Ante-impact stage (baseline condition): 01-06-1971 to 31-05-1984 (13 years)

Post-impact stage (developed condition): 01-06-1994 to 31-05-2007 (13 years)

Since the ante-impact daily discharge data from Jamtara gauging station, which is located at about 16 km downstream of the dam was not available, catchment ratio method has been adopted here. As per this method, the daily discharge values recorded at the Barmanghat gauging station, which is the next gauging station along Narmada River after Bargi, have been reduced by 56% as the ratio of catchment area from the origin of Narmada River upto Barmanghat is 1.78 times of that up to Bargi dam site.

Results and Discussion

The IHA parameters from the groups I to V (Table 3) were compared between the ante-impact (01-06-1971 to 31-05-1984) and post-impact (01-06-1994 to 31-05-2007) stages for the daily discharge values at the Jamtara gauging station. The flow variations due to Bargi dam have been shown across the five groups of the IHA parameters.

Flow variations due to Bargi dam

Group I: monthly water conditions magnitude - The median flow values for each calendar month are referred to as the monthly water conditions, and there will be 13 of these values for every month in each stage. Its coefficient of dispersion (C.O.D.) and median, minimum, and maximum values have been determined based on these series of median values for the pre and post dam stages. These are shown in Table 3. In the ante-impact stage, with values of 4.65 cumec and 691.2 cumec, respectively, May had the lowest median monthly flow value while August had the highest. The C.O.D. value for March and June were the lowest at 0.55, while the values for July and October were the highest at 1.75. In the case of May, the minimum thresholds of the maximum and minimum values (2.5 and 11 cumec, respectively) were observed. Conversely, maximum thresholds for the minimum and maximum values (99.6 cumec and 1190 cumec, respectively) were observed in the month of August. The operation of the storage-based hydropower station during the post-impact stage has resulted in a median monthly water condition of 178 cumec. In April, the minimum threshold of the minimum value was recorded as 47 cumec, and in August and December, the maximum threshold of the minimum value was recorded as 178 cumec, which is different from the pattern observed in the ante-impact stage. As far as the maximum value is concerned, the month of June (181 cumec) saw the lowest threshold and the month of September (1229 cumec) saw the highest threshold.

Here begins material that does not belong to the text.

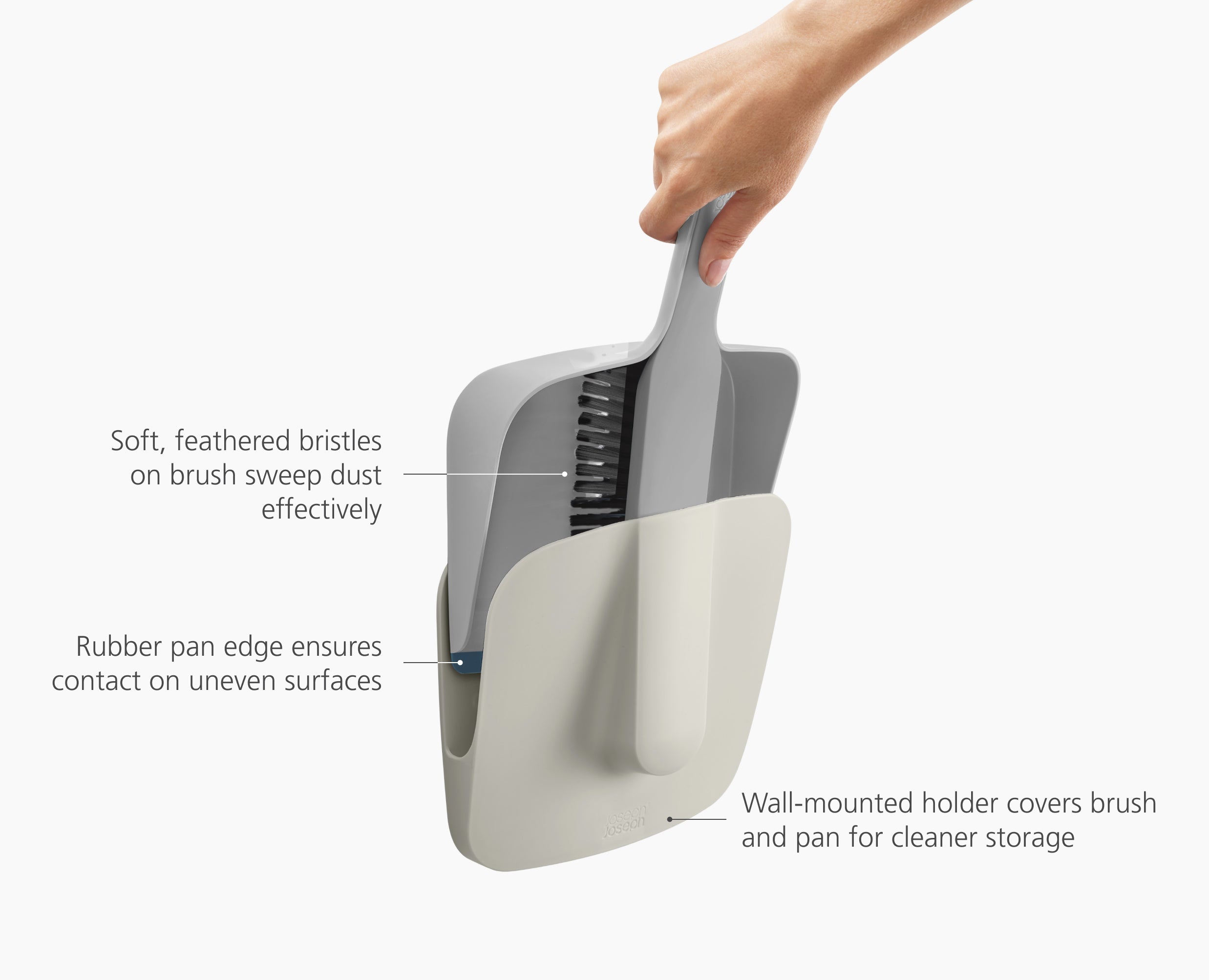 This dustpan and brush set includes a Dust-shield™ holder for cleaner and more hygienic storage. The brush has angled bristles and pan has a rubber edge for more efficient sweeping.

The month of May had the lowest low and high RVA boundaries (3.46 and 5.62 cumec, respectively), whereas the month of August had the highest low and high RVA boundaries (446.3 and 884.5 cumec, respectively). In case of the hydrologic alteration, except in the case of July, for all the other months, in the middle category (values falling within the range from 34 percentile to 67 percentile), the HAF had (-) values indicating that the values within this category have reduced in the post-impact stage in comparison to the ante-impact stage.

With reference to the Figure 3, in the high RVA category, months excluding July, August and September have shown positive hydrologic alteration factor (HAF) indicating rise in the number of such flow values. The trend observed in case of the middle RVA category has been the same as that in the low RVA category with the HAF recording a value of (-1.0) for the months from October – June. The range of HAF values were (-0.75 – +1.5)  for the low RVA category and (-0.5 - -0.1) for the high RVA category. The HAF values within the high RVA category was +2.25 for all the three summer months.

Group II: severity and duration of annual water extremes - Extreme water conditions refer to maxima, minima, zero flow and base flow index. From the Table 3, the median values of the all the maximum values have shown a reduction to the extent of 50.86%, 51.96%, 57.84%, 52.2% and 46.03% respectively. With reference to Figure 3, in case of 30-day and 90-day minimum values, 100% of them were falling within the high RVA category and for 1,3 and 7-day minimum, 61.54%, 84.62% and 92.31% of the values were falling within the high RVA category. For 1,3-,7-,30- and 90-day maximum values, only about 10% of the values were falling within the high RVA category and remaining were distributed across the other two RVA categories viz. low and middle.

In case of the parameters within group 2, except for 30 and 90-day minimum values, rest all parameters have shown an increase in the C.O.D value. The base flow index has shown a rise between the ante and post dam stages primarily due to the increase in 7-day minimum value, which is used in its calculation. The minimum values show shift towards high RVA categories. On the other hand, the maximum values show a shift towards low RVA categories. Consistent with the median monthly discharge of July - September, the maximum values show a shift towards low RVA category. The range of HAF values within the low RVA category were (+0.5 - +1.0) and the  same within the high RVA category were (-0.5 - -0.75). On the other hand, the minimum values show shift towards high RVA category. The range of HAF values within the high RVA category were (+1 - +2.25) and the same for the low RVA category were (+0.25 - -1.0).

Between the ante and post dam stages for the Jamtara river gauging station, the median flow values have shown increase in case of the yearly minimum flow values viz. 2.85 cumec and 99 cumec in case of yearly 1-day minimum, 2.95 cumec and 99 cumec in case of yearly 3-day minimum, 3.157 cumec and 99 cumec in case of yearly 7-day minimum, 4.715 cumec and 113 cumec in case of yearly 30-day minimum and 6.354 cumec and 170.2 cumec in case of yearly 90-day minimum, all values being the ante-impact and post-impact stage values respectively. To the contrary, in case of the yearly maximum flow values, the median flow values have shown a reduction, viz. 6188 cumec and 3041 cumec in case of the yearly 1-day maximum, 4380 cumec and 2104 cumec in case of the yearly 3-day maximum, 3079 cumec and 1298 cumec in case of the yearly 7-day maximum, 1277 cumec and 586.5 cumec in case of yearly 30-day maximum and 642.4 cumec and 346.6 cumec in case of yearly 90-day maximum, all values being the ante-impact and post-impact stage values respectively.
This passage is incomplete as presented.